Un Estruendoso Silencio
El 17 de este mes Pablo Bergel reprodujo en la lista Asambleas Autónomas el reportaje que “La Voz del Interior”* le realizó al intendente electo de Andalgalá, Alejandro Páez. No lo envió con una nota que dijera “miren lo que dice este traidor, este lacayo de las mineras”, no. A Bergel no le suscitó ninguna crítica, ¡qué digo!, ni siquiera un comentario.
Le gustó, y lo reprodujo; lo suscribe. Y la suya no es una postura extraviada, ya que desde la misma perspectiva política también la Agencia ACTA - CTA la publicó**, complacida, al día siguiente. Y con el mismo resultado: nadie, hasta ahora, le salió al cruce.
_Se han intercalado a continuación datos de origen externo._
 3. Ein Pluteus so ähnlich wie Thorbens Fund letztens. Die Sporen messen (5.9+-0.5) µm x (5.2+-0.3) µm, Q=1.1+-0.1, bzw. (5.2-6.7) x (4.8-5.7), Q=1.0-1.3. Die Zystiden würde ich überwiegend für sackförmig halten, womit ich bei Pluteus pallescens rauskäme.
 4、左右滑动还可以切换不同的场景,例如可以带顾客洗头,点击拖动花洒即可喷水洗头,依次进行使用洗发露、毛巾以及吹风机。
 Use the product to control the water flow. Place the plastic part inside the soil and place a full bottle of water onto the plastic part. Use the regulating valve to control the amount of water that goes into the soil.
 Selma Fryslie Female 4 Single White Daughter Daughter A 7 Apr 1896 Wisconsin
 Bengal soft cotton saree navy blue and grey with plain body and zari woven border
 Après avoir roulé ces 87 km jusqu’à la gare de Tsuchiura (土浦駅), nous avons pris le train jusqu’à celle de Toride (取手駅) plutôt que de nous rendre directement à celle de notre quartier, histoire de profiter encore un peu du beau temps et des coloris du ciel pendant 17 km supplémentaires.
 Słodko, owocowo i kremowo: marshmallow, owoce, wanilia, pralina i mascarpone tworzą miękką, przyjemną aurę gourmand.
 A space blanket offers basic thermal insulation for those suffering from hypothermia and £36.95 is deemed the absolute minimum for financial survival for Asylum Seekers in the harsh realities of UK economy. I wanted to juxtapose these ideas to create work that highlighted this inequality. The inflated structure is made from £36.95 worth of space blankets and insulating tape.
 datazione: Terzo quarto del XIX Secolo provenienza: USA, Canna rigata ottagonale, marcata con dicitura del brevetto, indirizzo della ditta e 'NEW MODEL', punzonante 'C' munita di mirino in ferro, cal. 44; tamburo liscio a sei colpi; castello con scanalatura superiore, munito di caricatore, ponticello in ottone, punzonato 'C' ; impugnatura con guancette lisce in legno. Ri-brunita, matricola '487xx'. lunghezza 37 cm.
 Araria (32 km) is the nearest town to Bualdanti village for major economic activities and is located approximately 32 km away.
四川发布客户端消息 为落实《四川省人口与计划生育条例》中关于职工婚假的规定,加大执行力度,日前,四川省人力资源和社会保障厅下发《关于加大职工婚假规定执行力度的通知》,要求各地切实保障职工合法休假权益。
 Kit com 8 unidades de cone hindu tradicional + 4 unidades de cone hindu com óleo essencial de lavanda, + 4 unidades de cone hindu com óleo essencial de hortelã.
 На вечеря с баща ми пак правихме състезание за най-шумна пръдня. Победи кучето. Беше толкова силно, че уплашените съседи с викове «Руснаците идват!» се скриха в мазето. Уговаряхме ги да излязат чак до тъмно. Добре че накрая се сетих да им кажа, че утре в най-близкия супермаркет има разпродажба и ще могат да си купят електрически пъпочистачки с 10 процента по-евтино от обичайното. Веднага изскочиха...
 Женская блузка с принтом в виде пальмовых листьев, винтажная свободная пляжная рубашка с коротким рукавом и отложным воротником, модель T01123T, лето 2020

Es sorprendente —o no, según se mire— que el envío de Bergel a la lista de Asambleas Autónomas no haya merecido ninguna respuesta, siendo que muchas veces hasta los posteos más simplotes son motivo de comentarios y réplicas: ¿será que nadie lo leyó?
No creo.
Pero tampoco tengo una buena explicación de este silencio, justo en fechas en las que los pueblos y las comunidades hacen oír su grito el Día de Lucha contra la Minería a Cielo Abierto. En cambio Páez-Bergel es “escéptico” respecto de la minería a cielo abierto. Lo repite cuatro (4) veces en una poco extensa nota, para que no queden dudas. “Soy escéptico respecto de lo que produce esa minería”, “tengo una visión escéptica sobre lo que ha dejado hasta hoy la minería a gran escala que se da en mi departamento y en otras zonas de la provincia”, dice.
¿Por qué?: Páez-Bergel lo dice a las claras: “Cuando vimos las camionetas cuatro por cuatro en que se movían los de las empresas, creímos cuando nos decían que íbamos a tener un sistema de salud grandioso, que íbamos a expandir las rutas, a conectarnos con otras urbes, que habría más de 1.500 empleados en la minera... Era una expectativa grandiosa”.
Sí, grandiosísima.
Pero resultó que solo 50 andalgalenses trabajan en La Alumbrera (si fueran 1.500, sería otra cosa…).
Y ahora Agua Rica va a volar la montaña “a escasos 16 kilómetros del casco céntrico”. “A mí me queda ser alcalde de la ciudad y mantener limpias las calles”, se compunge. Comprendo; imagínense qué polvareda!
En suma, ¿qué piden Páez-Bergel y todos los de su pelaje?: que si las mineras van a contaminar, arruinar la geografía, agotar el agua y matar, que garpen.
O sea, “la recuperación de la renta minera” que, cuando no hablan con los afectados o cuando se descuidan, se les escapa al modo de ventosidad ideológica.
Solo que una “recuperación” muy módica; no se piense que piden locuras: un centro de salud con oftalmólogo, nefrólogo, traumatólogo.
“No hay un oncólogo, pese a que tenemos una proliferación de casos de cáncer de mama”, informa. Pide una buena ruta, para que las ambulancias que llevan los enfermos a la capital no vayan a los tumbos.
Para que no me acusen de negativista no voy a quedarme en la crítica, sino que también agrego mis propuestas: que las mineras costeen una avenida de varios carriles al cementerio y parquicen esa necrópolis para que sea la envidia de todo el noroeste….
Si así lo hacen, ¡señores, qué vida nos vamos a dar!